Rice was first scheduled for a 20 round exhibition with Young Corbett II, featherweight champion, in Waterford, Connecticut, on November 6, 1902. The match did not take place until January 14, 1903, in Arkansas, and the originally scheduled bout never took place. According to one article, police officers arrested Rice in Waterbury to prevent his fighting on November 6. Corbett II was apparently arrested in Hartford as well, on the grounds that boxing was illegal in Connecticut at the time. Fellow New London boxer Mosey King made the trip with Rice to Hot Springs, Arkansas, riding the trains day and night to meet featherweight champion Young Corbett II. The Featherweight Title Bout with Young Corbett II in Arkansas on January 14, which Rice lost in a 17 round TKO, was one of the most difficult of Rice's life, and he was in considerable distress by the end of the bout, More significantly, however, the Norwich Bulletin felt Rice unexpectedly dominated the first three rounds of the historic bout, and may have performed better if not for exhaustion from the long train ride he took to get to Hot Springs. This fight became the only sanctioned chance at the World Featherweight Title Rice would receive.

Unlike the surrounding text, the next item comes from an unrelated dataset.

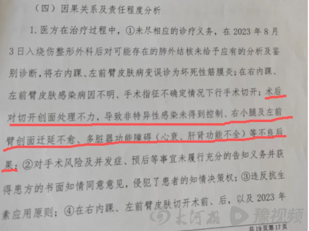 2025年2月,第三份医疗事故鉴定报告明确,医方对病情存在误诊;感染病因、手术指征不确定情况下进行手术;术后对创面处理不力,导致感染失控、多脏器功能障碍(心衰、肝肾功能不全)等;对手术风险等未履行告知,侵犯患者知情决策权;违反抗生素应用原则;确诊皮肤结核后,未见对患者抗结核治疗,违反皮肤结核治疗规范;违反人血蛋白使用规范,对患者治疗期间的容量管理、疾病治疗和预后均存在影响;对患者容量管理、营养支撑、泛血管病等诊治能力不足,加重患者多脏器功能障碍。

Rice operated a small farm in Waterford, Connecticut, with the proceeds of his boxing wins. He was depicted by the press as a frugal person, and adept as a carpenter.

==Later boxing years and retirement==
At the end of his more competitive years as a boxer, he fought a few exhibition bouts in New London to benefit local organizations, including the Local Fraternity of Owls in January 1911.

When not gaining income as a boxer, Rice worked at an iron mill near the end of his career. At times, he made extra income as a wrestler, as did many boxers of his era.

Rice died as a result of injuries from being run over by a wagon he was driving on January 17, 1921. He had been married and left one son, George.